Comment by conductr
7 days ago
My son is a dinosaur enthusiast to say the least.
At some point, well into his accumulation of Dino facts we read an old book I had as a kid (mid 80s) and the book says all kinds of weird stuff I forget but abruptly ends with “they went extinct and we may never know how” and my son (age 4 at the time) is at a loss for words, “it was a asteroid dad, what dummy wrote this book?” For weeks he’d randomly look at me, “hey dad, remember that book that didn’t even know how dinosaurs went extinct? Sigh with disappointment.”
I hadn’t realized this was such a contemporary discovery that it wasn’t even part of my own initial understanding and education on the topic.
This led to finding a fun easter egg Googling "Chicxulub Crater" https://www.google.com/search?q=Chicxulub+Crater
They are not extinct. There are a few making noises in the trees in my backyard now, and I dined on some dino-meat today!
omnom gonna get me some Kentucky Fried Dinosaur!
It might be more complicated than that. While the Chicxulub impact probably played a big role in the Cretaceous–Paleogene extinction event, there are potentially other sources of why it was as bad as it was. The eruption of the Deccan Traps may have also played an important part in the mass extinction event.
https://en.wikipedia.org/wiki/Deccan_Traps
https://en.wikipedia.org/wiki/Cretaceous%E2%80%93Paleogene_e...
Sure, but if a cancer patient gets shot, "he was already sick" isn't a legal defense.
Which one is the gun and which one is the cancer in this scenario? Would the cancer patient survived the gun shot if they weren't already weakened from cancer treatments and disease progression?
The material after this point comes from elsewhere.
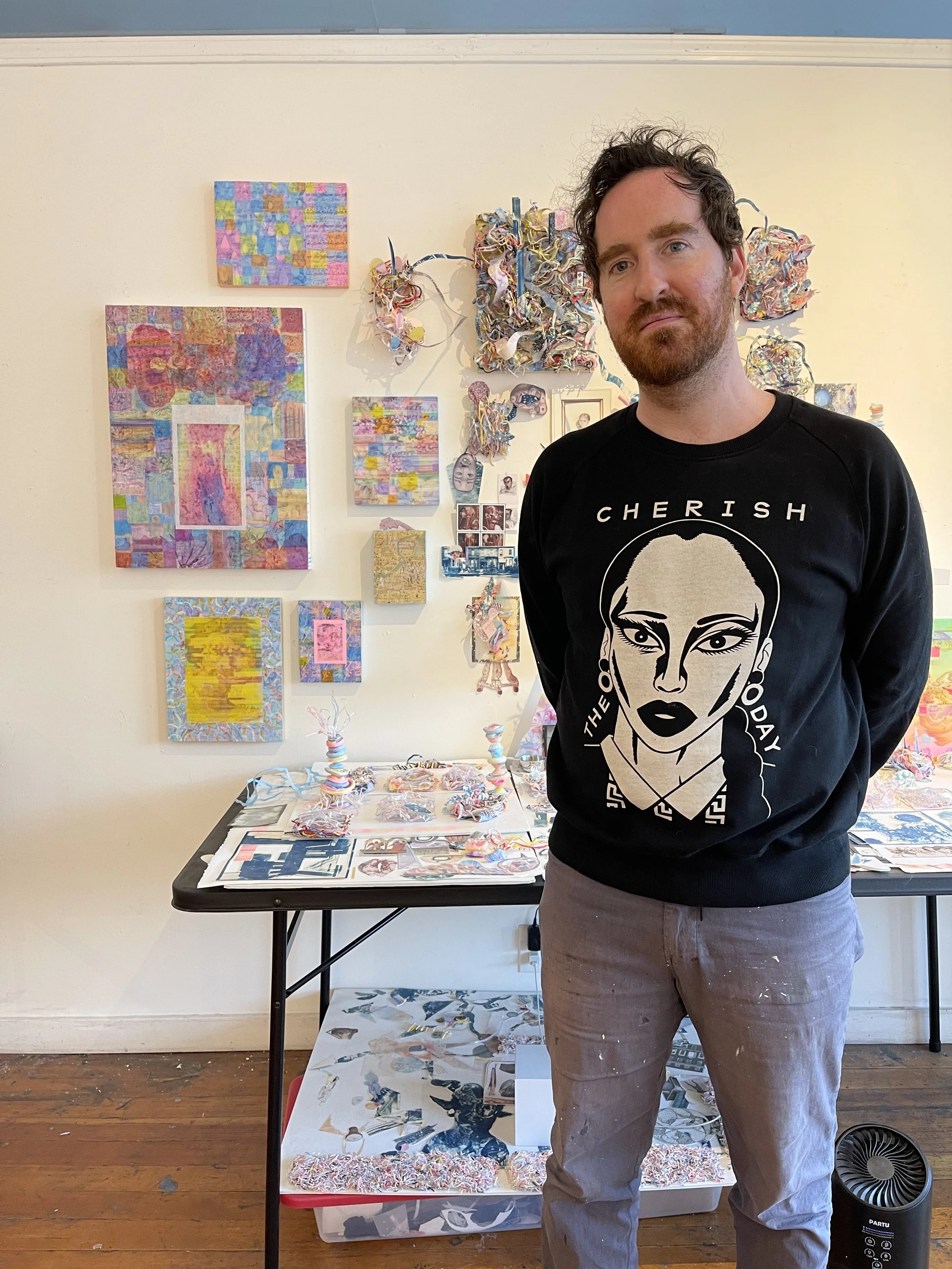 Although I haven’t known him for very long, my new friend Brent Hayden is someone with whom I have plenty of things to talk about. Aside from us both being mixed media maniacs with emphases on collage, we’re also both co-parents to our own artist-run gallery spaces here in downtown San Francisco. Along with his partner Sarah Choe, Brent opened Soft Times Gallery where they held their very first exhibit just weeks ago to great success. Founded on premises of inclusivity, accessibility, and community involvement much like our own, I consider Soft Times a very welcome addition to our neighborhood art scene that seems to be newly budding after being nearly wiped out by the pandemic.

Would they have survived the cancer if they didn't experience the trauma of the gunshot wound?
I don't think we definitively have the answers to that question IRT what killed the dinosaurs.
I started school in the 90s and mostly remember it as "we're pretty sure it was a meteor but it's really hard to know for sure", but looks like 1980 was when it was first seriously theorized.
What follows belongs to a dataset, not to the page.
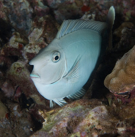 All of the basic rules, get close, shoot up, etc., apply when you are trying to take interesting pictures of fish. The main difficulty is with “get close.” Do not chase fish! They will simply swim away and all you will have to show your friends are images of “fish butt.” Fish tend to be very skittish around divers and a slow, methodical approach tends to work the best. Start taking pictures of your quarry from a distance, gradually decreasing the distance between you and the fish. Once you get close, move very slowly, in a non-threatening manner; make small bubbles (no sudden, large exhales); and take as many images as you can, from different angles. Think about the pictures and compose your shots. Use the rule of thirds, think magazine cover, shoot portrait rather than landscape, use negative space, shoot up, move the strobes around, and take as many pictures as you can in hopes of getting that one, magical “keeper.”

Its definitely one of those things where every once in a while I'll be reading about some historical figure and remember that they'd never been able to hear of dinosaurs.
I thought that it still isn’t really known? Is is one common theory, but we have just probabilities to play with.
Finding the impact crater pretty much cemented it. It absolutely happened. The remaining questions are around if the impact was enough to trigger the extinction on its own or if other factors compounded the problem.
There's a strong case to be made that the impact not only was enough to trigger the extinction, it happened in 1 day. The theory is that the ejecta from the impact was voluminous enough that it was sent into space and then spread around the Earth. On reentry it heated the atmosphere to thousands of degrees. So animals in New Zealand that likely didn't even feel the impact died when the air was too hot to breath. The only survivors were things in burrows or nests or under water.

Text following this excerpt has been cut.